_ACTIVITY_. Reproduce every line of the material below, but drop the pictures.

_DATA BLOCK_.

↓↓↓

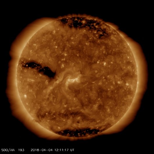 W nocy z czwartku na piątek (5/6 kwietnia) zacznie oddziaływać na nas dziura koronalna (DK), która pozycję na wprost Ziemi osiągnie w niedzielę, 8 kwietnia.
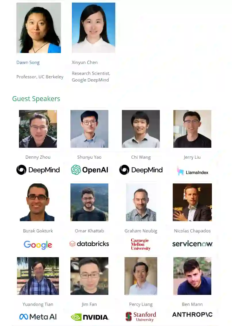 大语言模型(LLMs)已经在多个领域带来了革命性的变革。特别是,LLMs 已经被开发为能够与世界互动并处理各种任务的智能体。随着 LLM 技术的持续进步,LLM 智能体有望成为人工智能的下一个突破,它们将在智能任务自动化和个性化的支持下,彻底改变我们未来的日常生活。在本课程中,我们将首先讨论 LLM 智能体所需的一些基本概念,包括 LLM 的基础、任务自动化所需的 LLM 必备能力以及智能体开发的基础设施。我们还将涵盖一些代表性的智能体应用,包括代码生成、机器人技术、网络自动化、医学应用和科学发现。同时,我们将讨论当前 LLM 智能体的局限性和潜在风险,并分享进一步改进的方向。具体来说,本课程将包括以下内容: * LLM 的基础 * 推理 * 规划、工具使用 * LLM 智能体基础设施 * 检索增强生成 * 代码生成、数据科学 * 多模态智能体、机器人技术 * 智能体应用的评估和基准测试 * 隐私、安全性与伦理 * 人机交互、个性化、对齐 * 多智能体协作
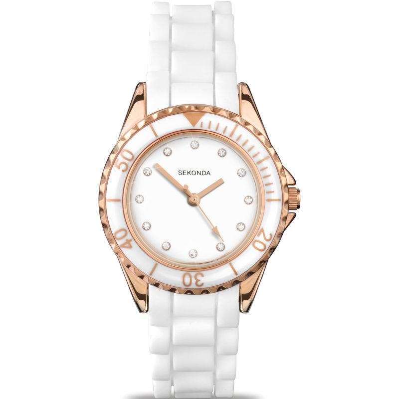 Rose gold PVD stainless steel case with a white silicone strap. White dial with rose gold-tone hands and crystal hour markers. Dial Type: Analog. Quartz movement. Scratch resistant mineral crystal. Solid case back. Round case shape, case size: 33 mm. Functions: hour, minute, second. Casual watch style. Watch label: Japan Movt. Sekonda Quartz Crystal White Dial Ladies Watch 4742.83.

↑↑↑

_EXPECTED ANSWER_.
 W nocy z czwartku na piątek (5/6 kwietnia) zacznie oddziaływać na nas dziura koronalna (DK), która pozycję na wprost Ziemi osiągnie w niedzielę, 8 kwietnia.
 大语言模型(LLMs)已经在多个领域带来了革命性的变革。特别是,LLMs 已经被开发为能够与世界互动并处理各种任务的智能体。随着 LLM 技术的持续进步,LLM 智能体有望成为人工智能的下一个突破,它们将在智能任务自动化和个性化的支持下,彻底改变我们未来的日常生活。在本课程中,我们将首先讨论 LLM 智能体所需的一些基本概念,包括 LLM 的基础、任务自动化所需的 LLM 必备能力以及智能体开发的基础设施。我们还将涵盖一些代表性的智能体应用,包括代码生成、机器人技术、网络自动化、医学应用和科学发现。同时,我们将讨论当前 LLM 智能体的局限性和潜在风险,并分享进一步改进的方向。具体来说,本课程将包括以下内容: * LLM 的基础 * 推理 * 规划、工具使用 * LLM 智能体基础设施 * 检索增强生成 * 代码生成、数据科学 * 多模态智能体、机器人技术 * 智能体应用的评估和基准测试 * 隐私、安全性与伦理 * 人机交互、个性化、对齐 * 多智能体协作
 Rose gold PVD stainless steel case with a white silicone strap. White dial with rose gold-tone hands and crystal hour markers. Dial Type: Analog. Quartz movement. Scratch resistant mineral crystal. Solid case back. Round case shape, case size: 33 mm. Functions: hour, minute, second. Casual watch style. Watch label: Japan Movt. Sekonda Quartz Crystal White Dial Ladies Watch 4742.83.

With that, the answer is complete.